Of the 102 patients, 28 had a viral infection, 39 had a bacterial infection, and 35 were healthy controls. The TaqMan array-based assay was able to correctly classify these patients with a sensitivity of 89 percent and a specificity of 94 percent.

"We view this as sort of the proof of concept that we can take the data from an array, configure an assay on a platform that could be used in the clinic — maybe not exactly this configuration — and begin to model what that would look like," Ginsburg said. "We took samples that came from emergency room patients, and we were … able to detect viral infection as opposed to other causes of infection — primarily bacterial."

Ginsburg added that the group had been using the ABI 7900 HT Fast system and low-density array cards for several years, but realized that it was a good proxy for modeling a potential clinical assay.

"Right now our RT-PCR device is not set up in a CLIA environment, it's a research lab, but we treat it as if it were in a [CLIA-approved] environment," he said. "We wanted to begin to replicate what it would be like to do a clinical assay from sample acquisition to return of results. The reason for the 384-well configuration is that we wanted to be able to move as many samples as possible through the machine, and just try to optimize cost of goods, et cetera."

The ABI 7900 HT Fast system is not approved for in vitro diagnostic use, but a successor to that system, the ABI 7500 Fast Dx Real-Time PCR instrument, does have FDA clearance for IVD use.

Ginsburg said that the group now plans to conduct additional validation studies of its test in other populations and settings, eventually leading to a clinical utility study "where we present the results to a provider [who makes] a treatment decision based on those results, and then [assesses] the outcome. That study would be critical for ultimate approval or adoption by the clinical community, although I think some doctors might use [the assay] right away even without that study."

However, in order to create such an assay for clinical use, especially in an acute care setting, the scientists believe that they first need to identify a testing platform with a faster turnaround time than PCR-based systems such as the ABI 7900 HT Fast, Ginsburg said.

"I don't think that this is ultimately going to be a PCR-based test, at least in all settings," Ginsburg said. "One can imagine in an emergency department, where a turnaround time of an hour is desirable, this platform is not going to work, particularly with some of the times required for sample prep and RNA purification."

However, Ginsburg noted that a platform similar to the one used in their study could work in certain scenarios that don't demand such a fast turnaround time — for instance, a physician's office, where "you see your doc, they run this test, give you a prescription for antibiotics, but tell you not to fill it until results come back tomorrow."

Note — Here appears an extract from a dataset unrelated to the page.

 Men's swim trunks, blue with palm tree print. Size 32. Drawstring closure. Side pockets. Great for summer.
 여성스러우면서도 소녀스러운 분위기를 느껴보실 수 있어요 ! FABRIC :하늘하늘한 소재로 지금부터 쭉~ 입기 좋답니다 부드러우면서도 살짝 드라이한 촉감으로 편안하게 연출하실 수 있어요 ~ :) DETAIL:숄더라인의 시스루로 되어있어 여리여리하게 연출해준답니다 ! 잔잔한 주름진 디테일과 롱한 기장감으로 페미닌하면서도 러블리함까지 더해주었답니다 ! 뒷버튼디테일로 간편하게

Further, Ginsburg said that the group envisions their test being used to help track potential pandemics, or any other situation where large-scale screening of a population might be appropriate.

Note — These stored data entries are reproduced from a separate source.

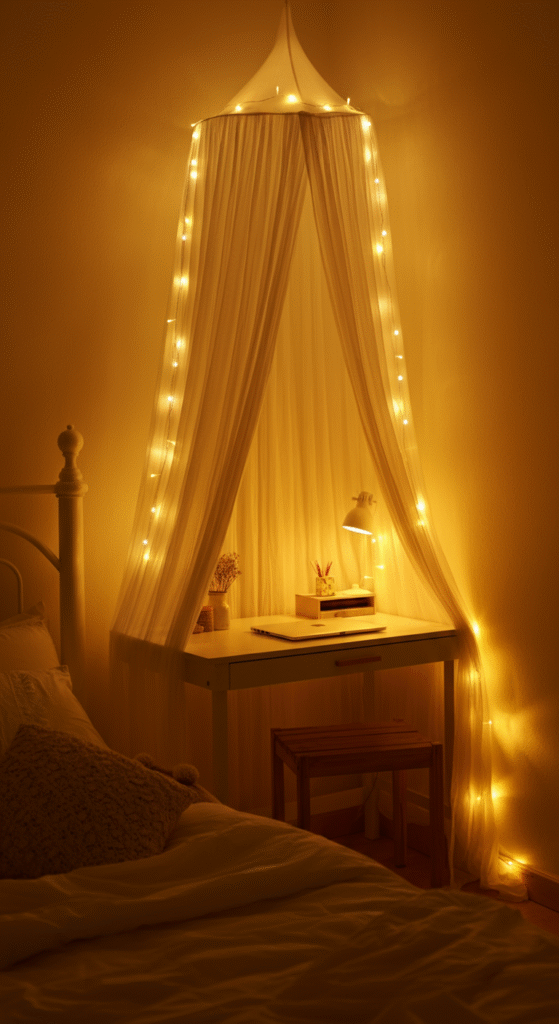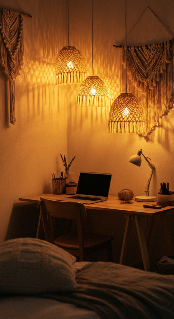 Try lantern style lamps, lamps with woven shades, or textured ceramic bases. Place one on your desk and one near your bed so the whole room feels connected.
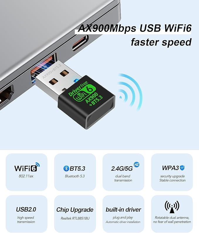USB WiFi 6 & Bluetooth 5.3 Adapter for Desktop PC,AX900Mbps Dual Band 5/2.4Ghz Wireless Network Adapter ,Built-in Driver for PC/Laptop/Desktop 4dBi Antenna Compatible with Windows 10/11
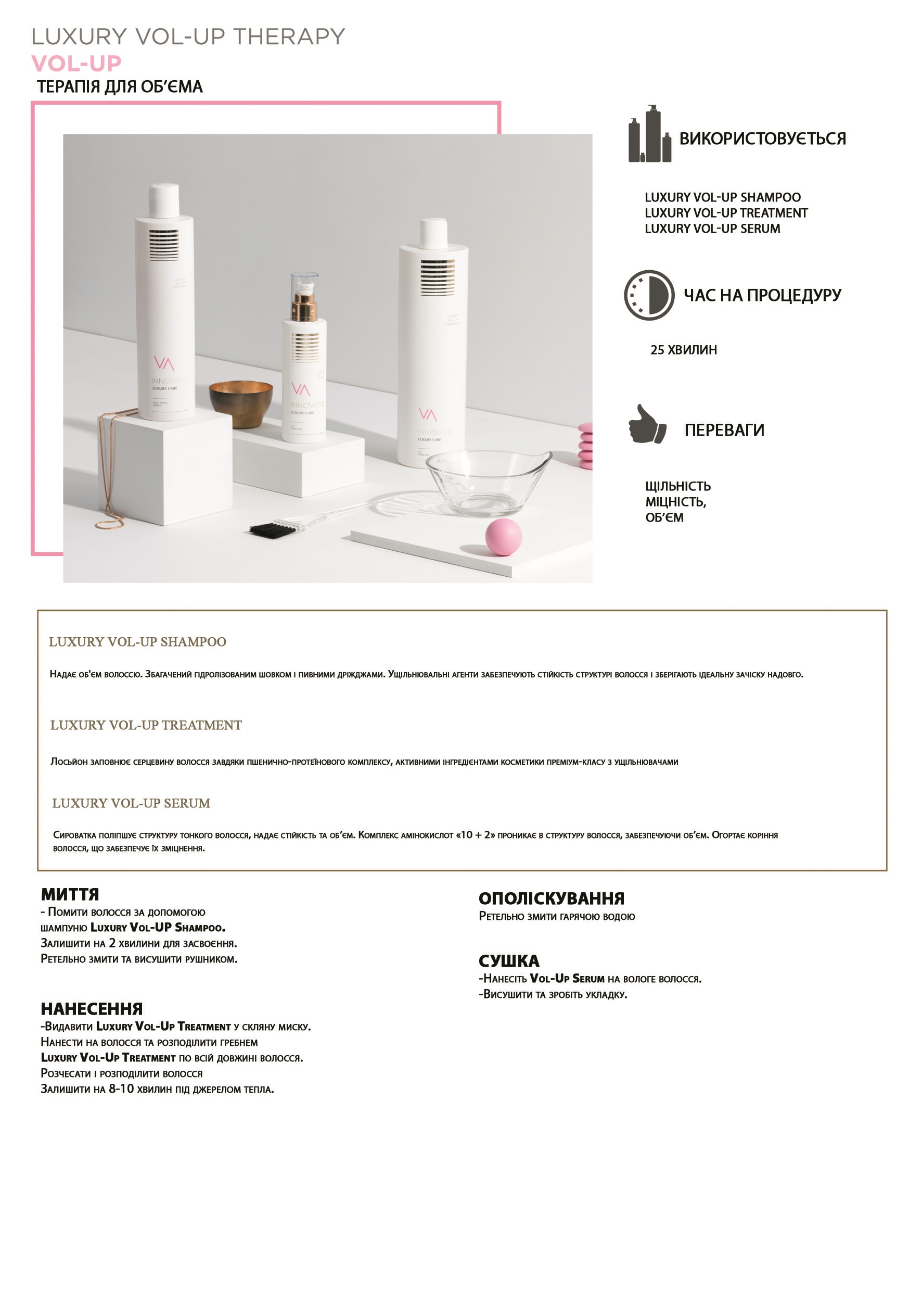 ● Видавити LUXURY VOL-UP TREATMENT у скляну миску. ● Нанести на волосся та розподілити гребнем по всій довжині волосся● Залишити на 8-10 хвилин під джерелом тепла

"I'm sure people are working on one-hour PCRs that could give rapid turnaround time in the emergency room setting," Ginsburg said. "I'm not eliminating PCR as a method of choice, it's just that right now there are limitations to that. Publishing papers like this should motivate the technology developers to move in our direction."

In fact, he noted that Duke has a strong bioengineering program in which several groups are working on point-of-care nucleic acid testing. "And we've been working very closely with a number of groups on new technology to measure RNA that aren't actually transcriptase-based, and actually may not even require labeling," he added.

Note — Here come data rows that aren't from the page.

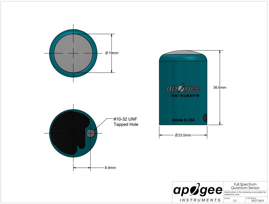 Rugged and easy to use:Quantum sensors use precision silicon photodiode detectors, custom filters, and acrylic diffusers, all mounted in self-cleaning, dome shaped, anodized aluminum sensor heads. The sensor head is encapsulated with epoxy resin and can be used for many years in harsh environments, including underwater. The hand-held instrument is connected by cable and can display real-time readings, record samples, and record average intensity and daylight integration (DLI) measurements. Unlike the sensor head, the hand-held instrument is not waterproof.
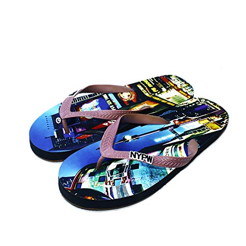 (P W New York)/Women's/Sandals/DIRECT FROM USA/P W New York Women's Casual Brown Rubber Flip Flops Slippers, City Streets Print
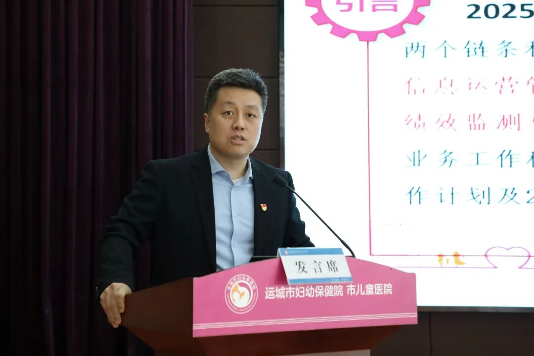 院长赵旭晶以《凝心聚力强根基 精护妇幼谋新篇——奋力开创医院高质量发展新局面》为题向大会作行政工作报告,就2025年取得的成绩和存在问题进行全面梳理总结,对2026年重点任务作出安排部署。提出要坚持以党建引领为根本,以学科建设为核心,以科教兴院为动力,以服务提质为抓手,以精细管理为支撑,以人才引育为保障,以文化铸魂为底色,紧扣“妇女生命全周期、儿童生长全过程”服务链条,全面对接“健康中国建设、人口高质量发展”两大战略,守正创新、团结奋进、实干笃行,奋力开创医院高质量发展新局面,为全面建设富裕、文明、幸福的好运之城筑牢妇幼根基,确保“十五五”规划实现良好开局。

Duke has applied for a patent on the respiratory viral gene signature. Ginsburg said that the patent includes claims specifying that a variety of platforms could be used to run the assay, as well as claims detailing the notion of a "viral detection score, something along those lines, like some of the RT-qPCR clinical assays like [Genomic Health's] Oncotype DX. We'll try to come up with some sort of visualization tool for clinicians so they can make better decisions about what the PCR results mean."